Column names in expressions and op payloads are resolved **case-insensitively** by default (PySpark parity). When `spark.sql.caseSensitive` is false (the default), `{"col": "ID"}` resolves to schema column `id` if present; `{"col": "id"}` and `{"col": "Id"}` also resolve to `id`. The SparkSession `create_dataframe_from_rows` and plan interpreter use `session.is_case_sensitive()` to set the DataFrame case-sensitivity flag. Sparkless adapters should ensure the session config propagates `spark.sql.caseSensitive` so that `col("ID")` when schema has `id` resolves correctly (issue #508).

---

## Supported operations (Sparkless parity)
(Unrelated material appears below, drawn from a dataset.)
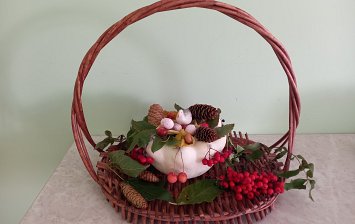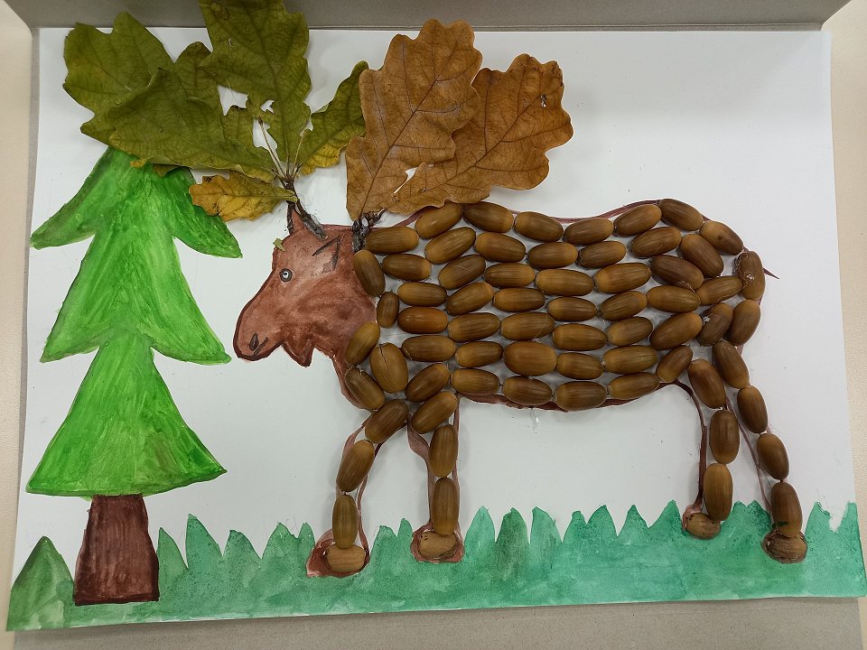 Дубовые листья, жёлули, альбомный лист, клей, краски, карандаш.

Backends such as Sparkless can discover which plan operations robin-sparkless supports by calling:

```python
import robin_sparkless as rs
ops = rs.supported_plan_operations()  # tuple[str, ...]
# e.g. "filter" in ops
```

The returned tuple includes all op names that `_execute_plan` accepts: `filter`, `select`, `limit`, `offset`, `orderBy`, `withColumn`, `withColumnRenamed`, `groupBy`, `join`, `union`, `unionByName`, `distinct`, `drop`. This allows Sparkless to avoid raising "Operation 'filter' is not supported" when the Robin backend does support filter (see issue #202).

---

## Plan fixture format

For tests, a plan fixture JSON has:

- **input**: `{ "schema": [{"name": "...", "type": "..."}, ...], "rows": [[...], ...] }`
- **plan**: `[ {"op": "...", "payload": ...}, ... ]`
- **expected**: `{ "schema": [...], "rows": [...] }`

For **join** (and **union**), the left side is the current DataFrame; the right side is provided inside the op payload (`other_data`, `other_schema`). Fixtures that need two top-level inputs can define **input** as the left and put the right in the first join op’s payload.